The carbon is obviously $\ce{sp^2}$ hybridised (as this concept is very well applicable here), hence organising it's ligands in one plane with roughly $120^\circ$ angles. Naturally one would assume the nitrogen to be $\ce{sp^3}$ hybridised, which is the case for most amines. However, the inversion barrier for these molecules is (depending on the substituents) very low. $$\ce{[NH3]^{pyr-top} <=> [NH3]^{TS-plan} <=> [NH3]^{pyr-bot}}$$ For the nitrogen that means going from $\ce{sp^3}$ to $\ce{sp^2}$ and back again. You can now stabilise the intermediated structure with conjugation, and that is exactley the case here. In your chart, that refers to entry 2. This causes the nitrogen to most likely be of $\ce{sp^2}$ hybridisation and the lone pair of entry one would be in a $\ce{p}$ orbital.

The conjugation happens as stated in you chart by the overlap of that orbital with the antibonding $\pi^*~\ce{C-O}$ orbital. This causes the $\ce{N-C}$ bond order to increase, while the $\ce{C-O}$ BO has to decrease.

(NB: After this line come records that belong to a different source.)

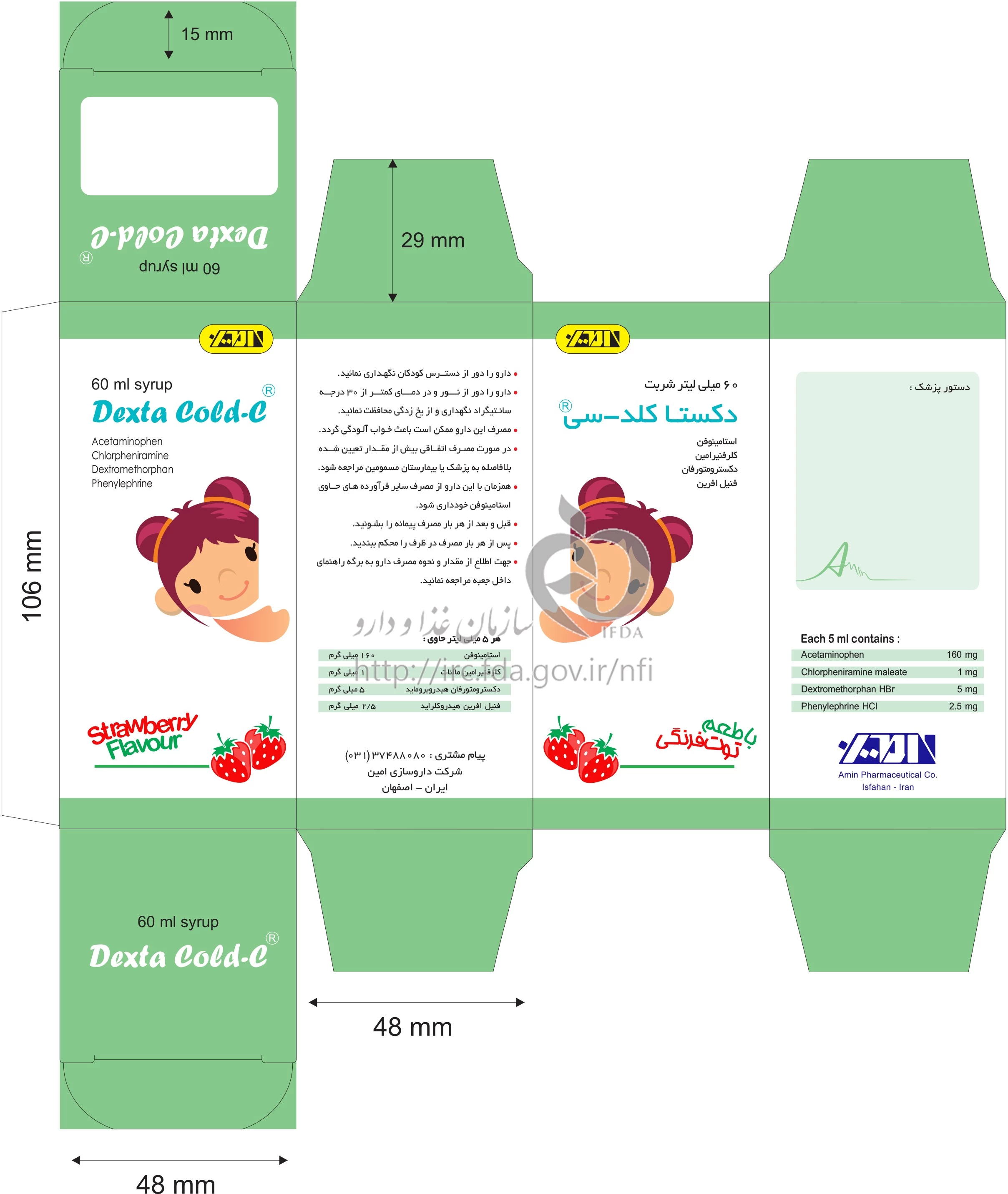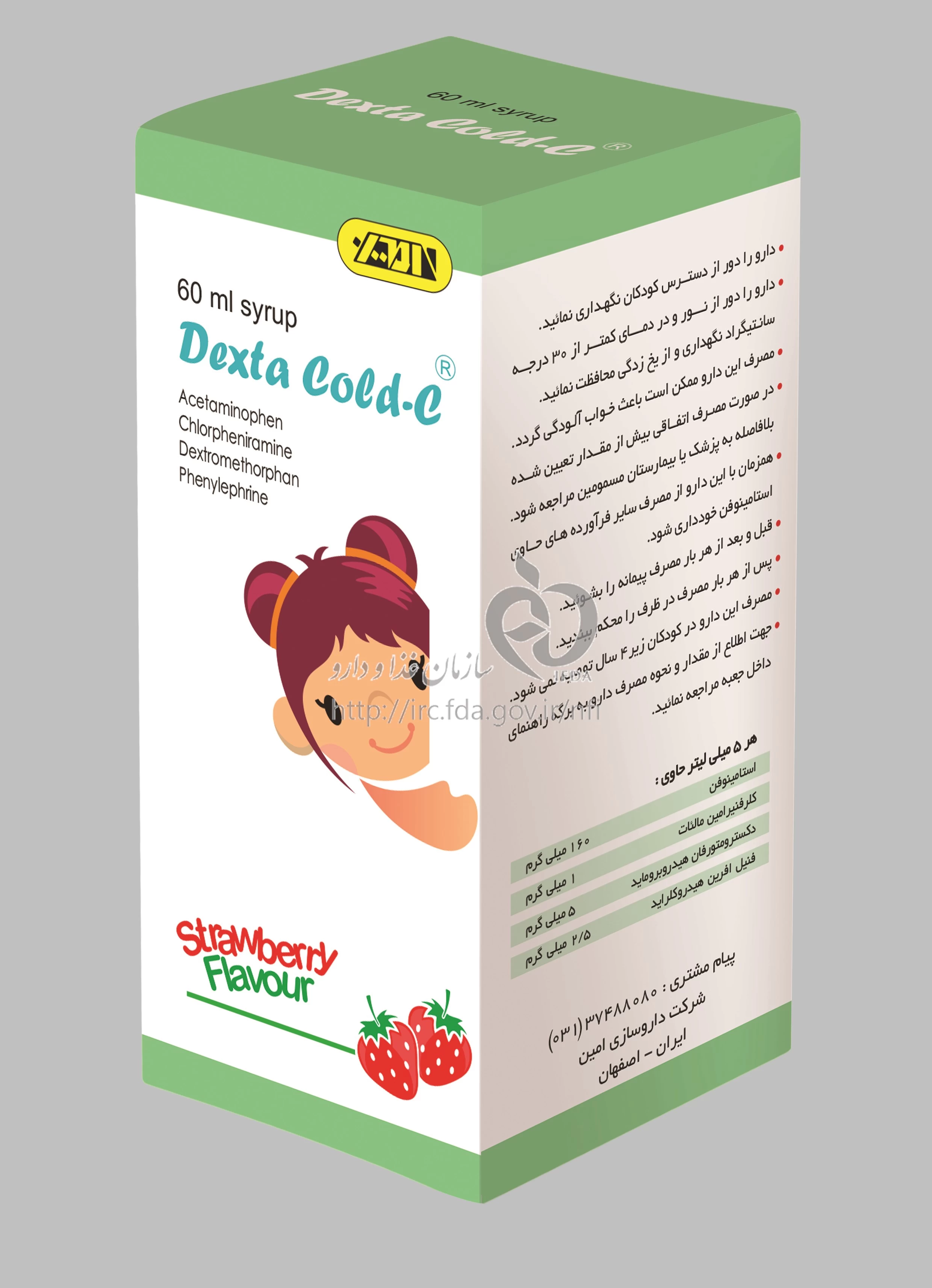 دکستا کلد سی شربت خوراکی 160 mg/1 mg/5 mg/2.5 mg/5mL 60MILLILITER
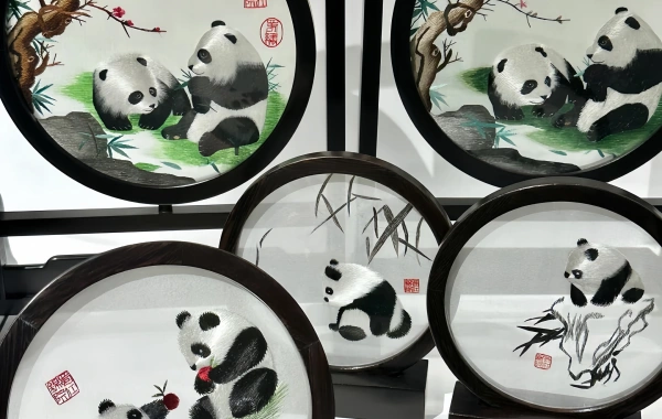Created by a modern Shu Embroidery master, "Pandas in Bamboo Grove" is a contemporary masterpiece that has gained international recognition. The piece depicts a group of adorable pandas playing and eating bamboo in a lush bamboo grove. The artisan has used a combination of bold and soft colors to create a vivid and lifelike image of the pandas, while the delicate stitching techniques give the bamboo leaves a sense of texture and movement. This work not only showcases the high level of skill of modern Shu Embroidery artists but also reflects the unique cultural identity of Sichuan.
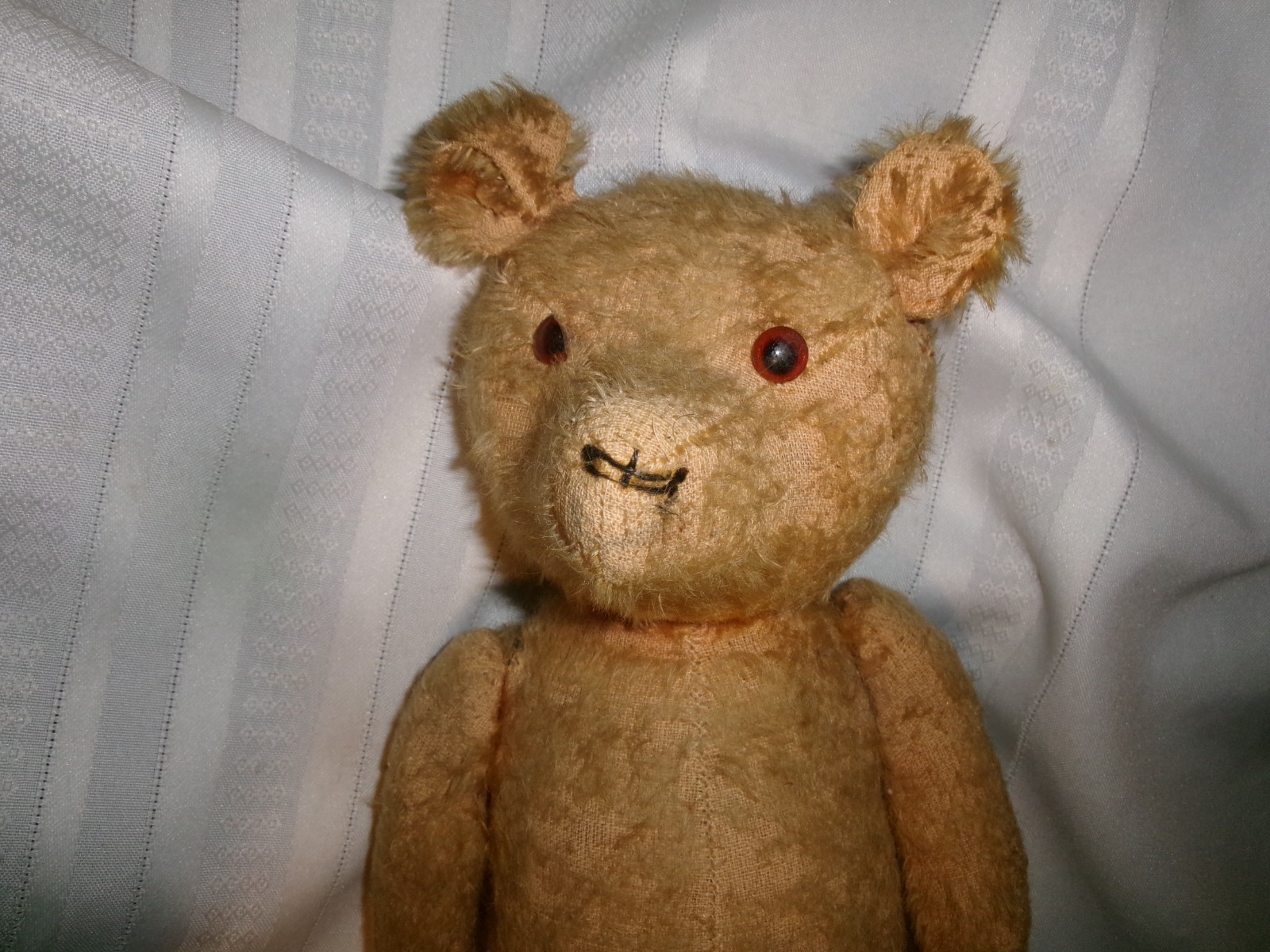 как выглядит Antique Vintage 15" Jointed Teddy Bear W/Glass Eyes, Straw Filled. L K фото

All those resonance structures are only descriptions of extreme states, the truth lies between them. The following scheme considers the most common ones and adds a third, that might explain delocalisation (in a non-traditional Lewis way) up to a certain visual point.

resonance structures

In molecular orbital theory you can form 3-centre orbitals from all molecules perpendicular to the molecular plain. If you choose this plane to be $xy$ then the contributing orbitals will be $\ce{p_{$z$}}$. The following scheme may support this claim, the dipicted orbitals were obtained by a BP86/cc-PVTZ calculation. (The HOMO is an in-plane lone pair of oxygen.)

orbitals

While there is certainly no intra molecular hydrogen bond ($d(\ce{O-H}\approx 2.57$ same level), there will also most certainly be an attraction between the $\ce{C-O}$ and $\ce{N-H}$ bond helping to stabilize the planarity. But I will not go into detail about that, because it would involve breaking away from the very handy hybridisation concept.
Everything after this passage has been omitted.